I'd love you guys to join to get it started @John6666 @Yntec

Yntec

3 days ago

•

edited 3 days ago

Huh, so now I'm glad I wrote a book about why I'm against discord in principle so I don't have to repeat myself: https://huggingface.co/Yntec/Dreamlike/discussions/3#6614ee5e06ee61ff24dacddb - but for short, I deem it as "closed source", keeping things private and unsearchable as a secret so only "members of the club" can benefit, just like keeping the recipe of a model unpublished or posting an AI generated image without the prompt, I want all the discussions I'm involved with to remain open and accessible to everyone and it makes me glad there's no private message system over here, so you can check every single thing I've told to john6666 and he has told me for instance and nothing is concealed (I don't use emails either!)

I guess publishing monthly publicly all the messages from the discord would solve it, then again, when it comes to it I turn out to be a difficult person to deal with, heh, but imagine Black Forest Labs was like this and we could see all their conversations about how they made Flux, everyone could benefit and we could create a new version, but Flux Pro was never published, akin to being buried in a discord server.

John6666

3 days ago

I see.
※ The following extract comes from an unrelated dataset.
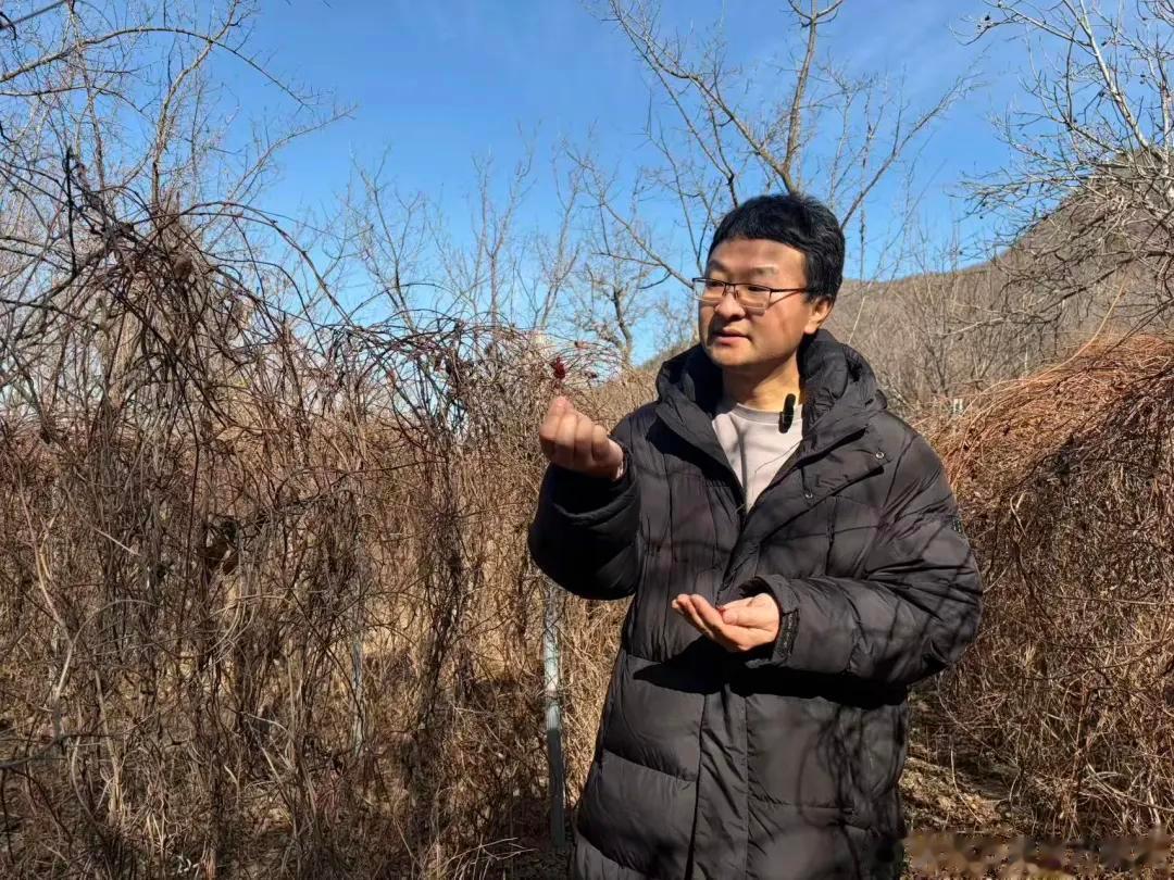 图为史然在查看田间未采摘完的五味子。

You don't like the way Discord is.
I also think that the fact that you can't search for Discord on Google makes it particularly difficult to use from an OSS perspective. On the other hand, it's easy to have private conversations on it, so it's somewhere between anonymous message boards and HF, leaning towards HF...
For example, if you discuss solutions here, on the HF forum, on github, or on anonymous message boards, then that becomes a resource that you can search for on Google in the same way as StackOverflow, but that's not the case with Discord.
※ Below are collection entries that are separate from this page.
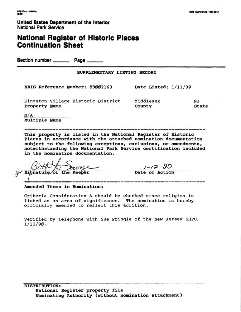Kingston ; Roughly NJ 27 from Raymond Rd. to Delaware & Raritan Canal, Church St., Laurel Ave., Heathcote Brook Rd., & Academy St.
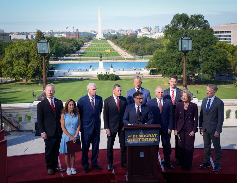 House Speaker Mike Johnson reiterated his arguments against the shutdown for reporters Oct. 6 in imploring Senate Democrats to reopen the government.
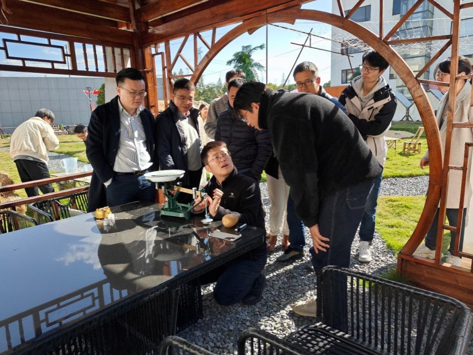 当天下午,计测分工会又精心策划了一场更具实践性的计量主题创意活动。教师们依据自身经验和提供的原始测量器具(折尺、方升和案秤),对农庄中的一块特定田地长度、一个舀水瓢的容量和一把土豆的重量进行了测量竞猜。这一活动恰好契合了老师们的学科背景,大家积极参与,热烈讨论,将抽象的理论知识和方法运用于实践操作。当竞猜结束后,由我院精通计量的教授使用激光测距仪、量杯量筒和电子秤等现代计量仪器进行精确测定,并根据竞猜结果与真值之间的差距评选出了多位“计量大师”。他们的测量结果与仪器测量值分毫不差,不得不令人心生佩服。
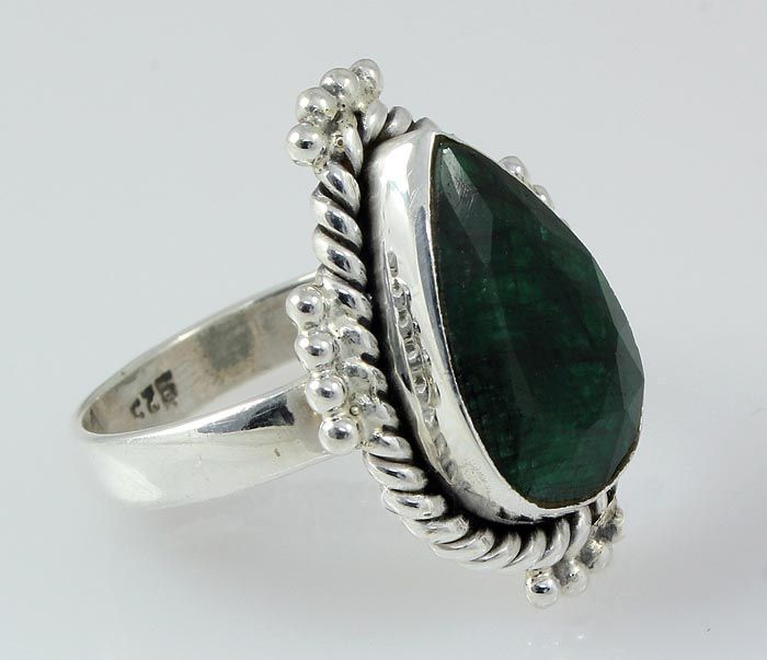 16.16X10.61MM PEAR SHAPE EMERALD BERYL ANTIQUE DESIGN SILVER RING; SIZE 6.5

I'm not familiar with the github culture either. I think it's been less than a month...
However, if you think there's a bug or something inconvenient, you can just write an issue, and if it can be fixed, you can just PR it, I think. I still don't really understand how to use Discussion.
Well, if we consult on HF and figure out where the problem is, wouldn't it be fine if one of us just writes an issue?